Sunday, August 16, 2015

Movie review - "Fury" (2014) *** (warning: spoilers)

It may be unfair but I can't shake this image of David Ayer getting jobs in Hollywood by strutting around going "I've seen things in my life I don't like to talk about" with this mysterious air. So he's been given a plumb writing-directing gig of a big budget war film about a American tank crew in the last days of the campaign in Germany.

That's a solid idea for a movie - tank crews don't often get featured in films, so it has freshness, and you get to focus on a couple of characters as opposed to losing track of who is in a platoon.

There is a strong cast - Brad Pitt and Michael Pena can always be relied on, Shia le Bouf gives off a 1940s vibe (he's having a great second career as a character actor), John Bernthal does a variation on his Walking Dead performance but that's fine and Logan Lerman is effective in that old standby, the newbie to the unit.
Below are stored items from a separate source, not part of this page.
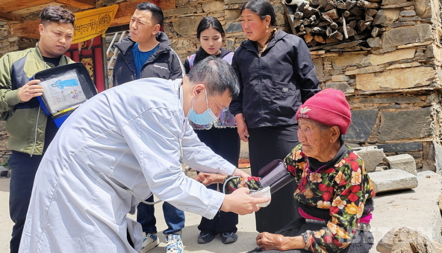 图为 “同心·共铸中国心”2025阿坝行大型健康公益综合服务活动义诊医疗专家在四川省阿坝州马尔康市草登乡入户巡诊,为行动不便的老人送医送药 摄影:喇应强
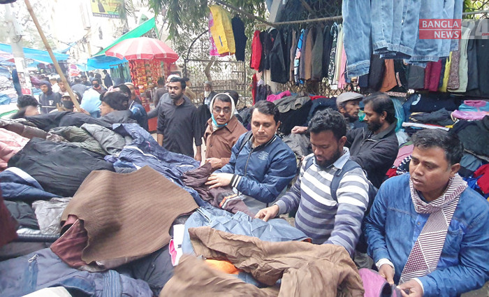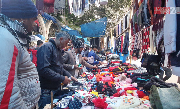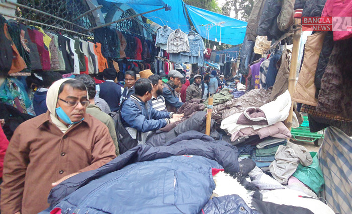 বায়তুল মোকাররমের উত্তর গেটে শীতের পোশাকের দোকানে উপচে পড়া ভিড়। ছবি: জি এম মুজিবুর
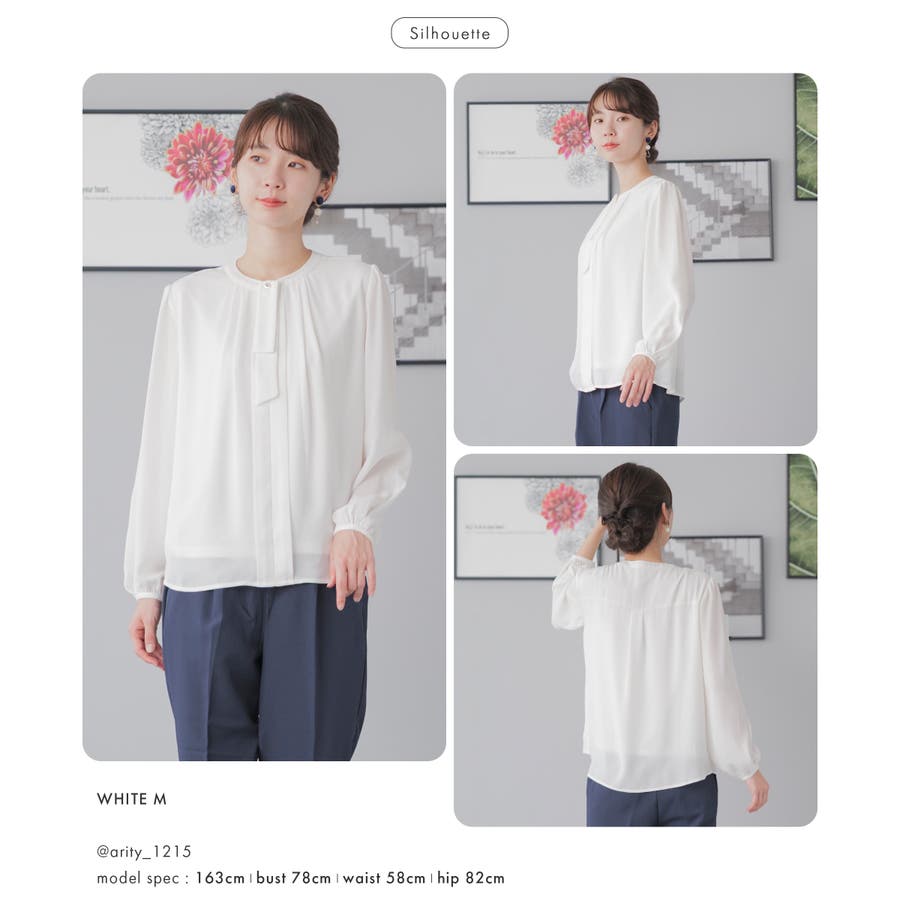 オフィスだけでなく、セレモニー、デイリーまでシーンレスに使える万能ブラウス。
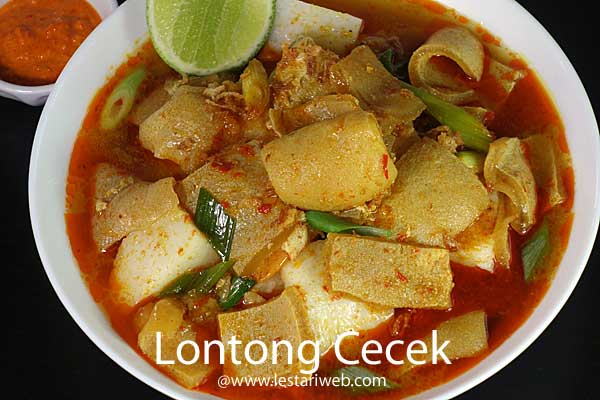 - Letakkan potongan lontong atau ketupat dalam mangkuk saji. Siramkan kuah dan potongan cecek.
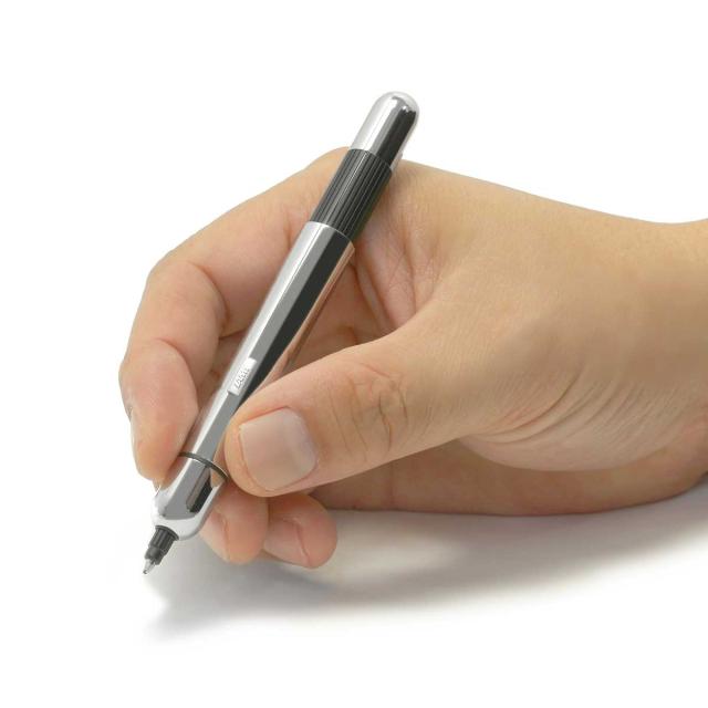 延伸機能付きで、収納時の約92mmから一度のノックで約123mmのボールペンになる機能は世界特許を取得しています。
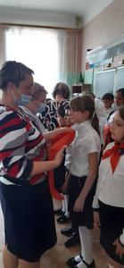 На торжественной церемонии в 1-ой школе директор школы Ирина Денисова поздравила ребят со значимым днем: «Я очень рада, что вы продолжаете лучшие традиции нашей страны, трудового народа!»
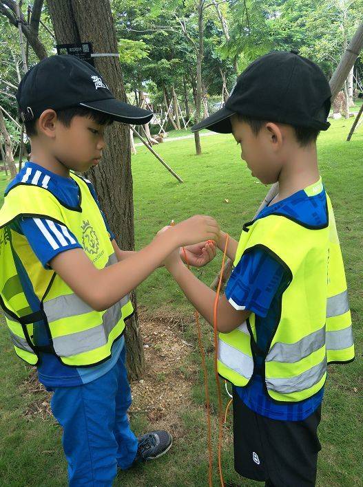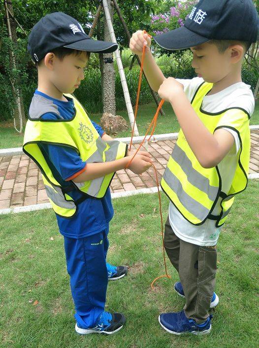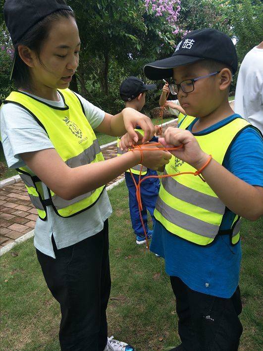 学会绳结之后,导师会教大家玩一个小游戏,需要两个人配合的。
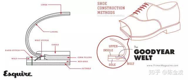 “当鞋子合适的时候,脚被忘却了”,一句话虽然简单却一语道出了“鞋子哲学”的精髓——唯有鞋子与脚达成舒适的默契时,脚才得到了真正的自由,这也正是鞋子的美学顶点。 舒适是鞋的灵魂,世界上有这么一群人对脚的研究和关注可谓无微不至,然后再为其量身定做出一双绝世美鞋,那这双带着尊贵的身份标签和独特气质的定制鞋,本身就是身份和品味的象征。 人们常说“ if you do not have a nice pair of shoes, you should invest one, since it makes the outfit ” ,一双好鞋点亮整身衣着。 如果你想到了 Gucci 、 Louis Vuitton 、 Prada ,请先等一等,今天我们暂时离开时尚,只谈传统和风格。 那么, 怎样就算是一双好皮鞋了呢?先从皮料说起。 Full Grain 牛皮的zzui上层,也就是头层牛皮, zzui好zzui稀有的牛皮,这里的稀有不是指小牛稀有,而是一张 Full Grain 通常代表的是没有损伤的自然头层牛皮,粒面纹路自然且极少能均匀,所以 Full Grain 价值通常很高。 Smooth leather 除此之外我们经常会见到平滑皮 Smooth leather ,这是 Full Grain 头层牛皮的一种,但是因为某些动物表皮纹路不明显或者鞋匠为了达到特殊效果而制成了平滑皮。 Top Grain 而我们一般被告知的头层牛皮是什么呢?通常指的是 Corrected Grain ,是 Top Grain 的一种说法,在真正的头层牛皮 Full Grain 略下方的位置,因为有轻微瑕疵和损伤不能被选作 Full Grain 。 所以在加工时会经常被修补和抛光掩盖瑕疵,经过损伤修补的头层牛皮,同样有着柔软,甚至更耐久的特性,和 Full Grain 外表相似,但是价值低于 Full Grain 。著名的皮鞋品牌 Church’s zzui擅长使用 Top Grain ( Corrected Grain )修补和抛光达到 Full Grain 的质感。 Corium 这是我们通常所讲的真皮,位于 Full Grain 和 Top Grain 的下方,加工之前纹理非常粗,耐久度略差而好的鞋匠通常会把这个皮层做成 Suede 。制鞋用的 Suede 以前取自麂,现在都是牛皮制作的。对于穿着者来说,易脏,易吸水,不好打理,但是非常年轻有质感并且非常柔软舒适,多次穿着折痕不明显。 马皮 Cordovan 曾经是山羊皮,近些年通常指马皮,取自马臀部下层的肌肉平滑层,也被称为 Shell ,所以有了 Shell Cordovan 这个说法。因为工序的困难,这是一类价值非常高的皮鞋,价格通常是同级别小牛皮的 1.5 到 2 倍,被zzui好的制鞋品牌采用和加工,成品大多棕红色并且高光,zzui具代表性的品牌就是美国的 Alden 和西班牙的 Carmina 。 这里我们不介绍“稀有皮”,因为没有买卖就没有杀害。 Goodyear zzui古老zzui传统也是zzui耗费人力的制底方法,这种制底通常分为三步,第一步是准备鞋的内底,将鞋内底的一部分制成垂直的“肋”来便于缝纫。 第二步是将鞋的裝边( Welt )和内底( Insole ) 在鞋楦保持定型下缝制在一起,裝边通常是由一条皮段制成。接下来鞋的内底和外低会留出一个夹层,这个夹层通常由一些碎屑或者谷物来填充。 第三部则是将外底( Outsole )与鞋的裝边( Welt ),内底( Insole ),以及鞋垫缝制在一起。这种制底方法让鞋保持了zzui好的耐久度,但同样也增加了鞋的制作成本。这种鞋底zzui被传统鞋匠追捧。 Blake Blake 则是直接将鞋的内底和外底直接缝合甚至是粘连,这种鞋底通常层数较少并且在出现磨损时容易更换。因为这种制底方式操作简单,成本相对较低,便于生产,被大多数非传统和时尚制鞋品牌使用,zzui具代表的则是 Tod’s 和 Berluti 。 随着技术的发展, fiddled sole 依然代表着品质的皮鞋但也开始被广泛的使用。在英国的 John Lobb , George Cleverley 的高仿定制系列 Anthony Cleverley , Foster & Son 定制和 Edward Green 定制和 Gaziano&Girling 的成鞋中都可以找得到琴弦鞋底。 除了英国鞋匠还有很多外国匠人也非常好的诠释了琴弦鞋底比如日本的 Yohei Fukuda , Ann Bespokemaker , itarusassoo ,意大利的 Roberto Ugolini 等等。 Oak Bark Sole 如果你感叹买不到 Beveled sole 皮鞋,至少我们可以很容易找到 Oak Bark 鞋底。 Oak Bark 鞋底是一种鞋外底产品,这种鞋底有比普通皮底更耐抗更轻便的优势。 主要有两个厂家生产 Oak Bark Sole ,一个是德国的 Joh Rendenbach Jr Tannery ,简称 JR ,你可以在他们的鞋底上发现大大的 JR 字母刻印。另一个则是英国的 J&FJ Baker&Co ,一个低调的厂商但也是被广泛使用在品质皮鞋上的厂商,你通常可以在 Saint Crispin’s 成鞋, Crockett&Jones 手工系列, Vass 和 Carmina 的马臀皮鞋上找到 Oak Bark 鞋底。 橡胶底 Crepe鞋底 走路更加舒适更柔软,没有触地声音,装备于各类休闲皮鞋,还有沙漠靴,但是因为是曾经的行军鞋底, 质感较糙,高仿鞋匠除 Alden 以外使用不多。 Dainite Studded鞋底 这是一项英国专利也是品牌,也属于橡胶鞋底的一种,但是你会在鞋底发现很多钉或者脊。这种橡胶底比一般橡胶底更厚更具有保护性,经常出现在德比鞋上,传统皮鞋品牌经常采用。 《王牌特工》片头要说出暗号“ Oxford no Brogues ”才能呼唤王牌特工出场解决问题,到中期柯林大叔改造小鲜肉的第一步就是让他试穿牛津鞋,并告知其轻便易走且暗藏毒刃能精品无形;延续到影片zzui后小鲜肉用牛津鞋里的毒刃戳死开挂的大魔王女助理,都在说明牛津鞋这玩意儿有多么牛掰。 Derby德比鞋 是 Oxford 的变种,区别就是 open lacing —— 鞋带襟面立体,露出鞋舌,这种皮鞋更加百搭和休闲,可以搭配牛仔裤。 Brogue布洛克鞋 更加具有装饰意义更多体现细节的皮鞋, 大多数没有德比鞋和牛津鞋正式,但依然可以商务使用。布洛克的雕花
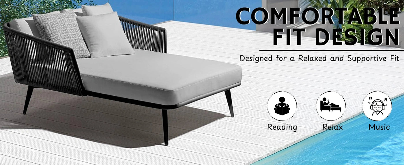 Elevate your outdoor space with this stylish and durable Outdoor Rope Patio Daybed, designed for ultimate relaxation and modern aesthetics. Crafted with a sturdy powder-coated metal frame and handwoven weather-resistant rope, this daybed offers exceptional durability to withstand all seasons. The ergonomically curved high backrest provides excellent support, while the thick, soft cream cushion adds cloud-like comfort for long hours of lounging. Perfect for gardens, terraces, backyards, or balconies, this outdoor daybed combines luxury and practicality in one elegant piece. Its breathable design ensures airflow, preventing heat buildup on sunny days. The removable, washable cushion covers make maintenance easy, keeping your space looking fresh and inviting. Whether you're sunbathing, reading, or hosting guests, this versatile daybed adds a touch of sophistication to any outdoor setting.
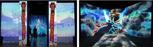 “守護村莊的長栍和鳥桿”(左)與“司雨之神龍神”(右)展區的投影效果
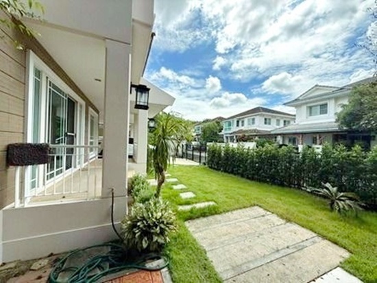 Rama9 OnNut BanThapChang Airport. 2km. 2-story corner house for rent 84sq.wa. 250sq.m. 74,999 B-M.Fully furnished. 500 m. from Chularat 7 Hospital. 3 bed 3 bath 2.2 km.from The Paseo Mall. Unico Golf Course SuanLuang Rama IX On Nut Road. Located on Prawet Canal.Nantawan

Aussie Xavier Samuel pops up as does Scott Eastwood.

Some of this is fantastic - a big set piece tank battle which shows how tanks worked during the war, an interlude where Pitt takes Lerman to stay with some German girls and its conveyed that he's doing it to get a respite from his men, the last moments of the men. It looks marvellous with all that mud and metal and blood. There are some lovely touches showing Pitt's PTSD (his hands shake a lot of the time, his eyes are haunted).

But other times it's silly and not true to its vision - it sets itself up as this darker depiction of war, with the Americans shooting Germans who surrender, and newbies having to scrape brains out of the tank - but can't resist a finale where Pitt insists they stay and take on a division of SS and almost succeed in wiping them all out. I mean, that's out of Bataan (1943). There are also too many lines which smack of wisdom and feel all writer-y ("this is war").

And the movie tries to have it's cake and eat it too by having Pitt be this psycho - he forces Lerman to shoot a surrendered soldier in the back, he basically allows Lerman to coerce a German girl into sex - but also a super hero, who is super wise, smart and brave and whose men adore him. (The argument in with these sort of characters is that "oh we're trying to depict a complex man we're not endorsing all his actions" but he's played by Brad Pitt, they give him super heroic achievements... it's annoying.)